_Task to carry out_:
In the listing below, find the line with "Pink And Brown" and copy every line from there up to and including the line with "Khaki šusťáková prošívaná", exactly and without pictures.

_Dataset content_:
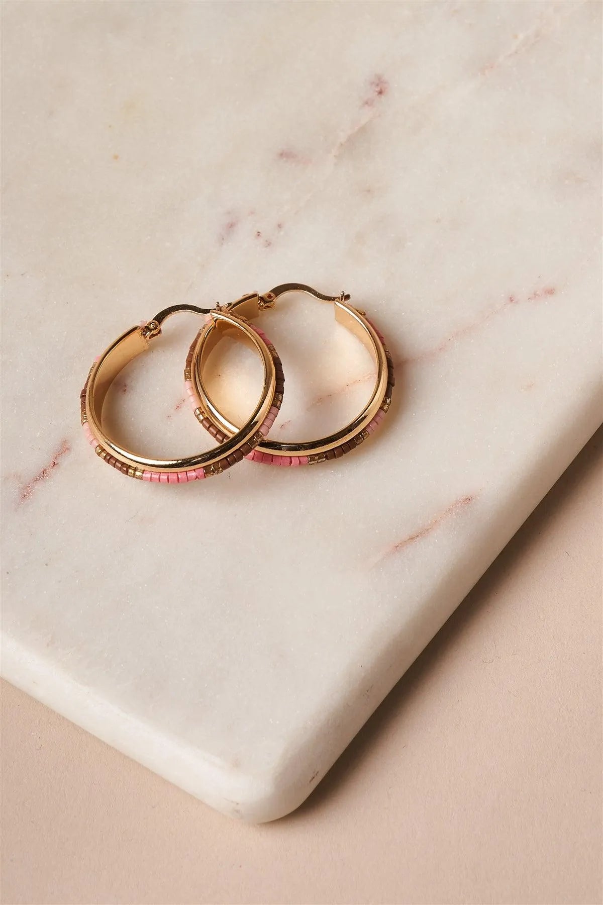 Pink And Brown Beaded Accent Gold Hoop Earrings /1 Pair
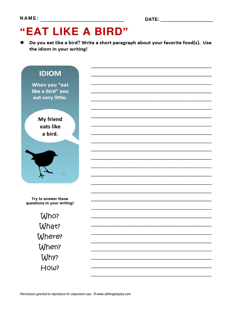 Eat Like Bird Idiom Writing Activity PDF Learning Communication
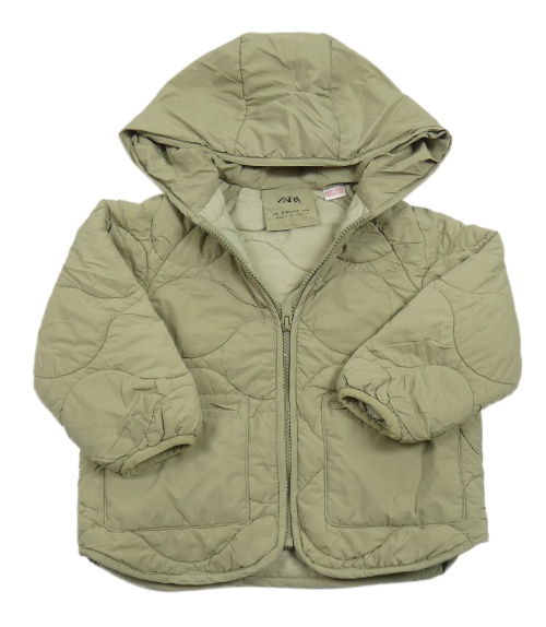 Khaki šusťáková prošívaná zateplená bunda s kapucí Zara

...

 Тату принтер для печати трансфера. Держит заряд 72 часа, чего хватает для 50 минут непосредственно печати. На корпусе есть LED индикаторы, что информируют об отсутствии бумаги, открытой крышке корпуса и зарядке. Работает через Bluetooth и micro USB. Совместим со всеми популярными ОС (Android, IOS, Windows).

_Response for this exercise_:
 Pink And Brown Beaded Accent Gold Hoop Earrings /1 Pair
 Eat Like Bird Idiom Writing Activity PDF Learning Communication
 Khaki šusťáková prošívaná zateplená bunda s kapucí Zara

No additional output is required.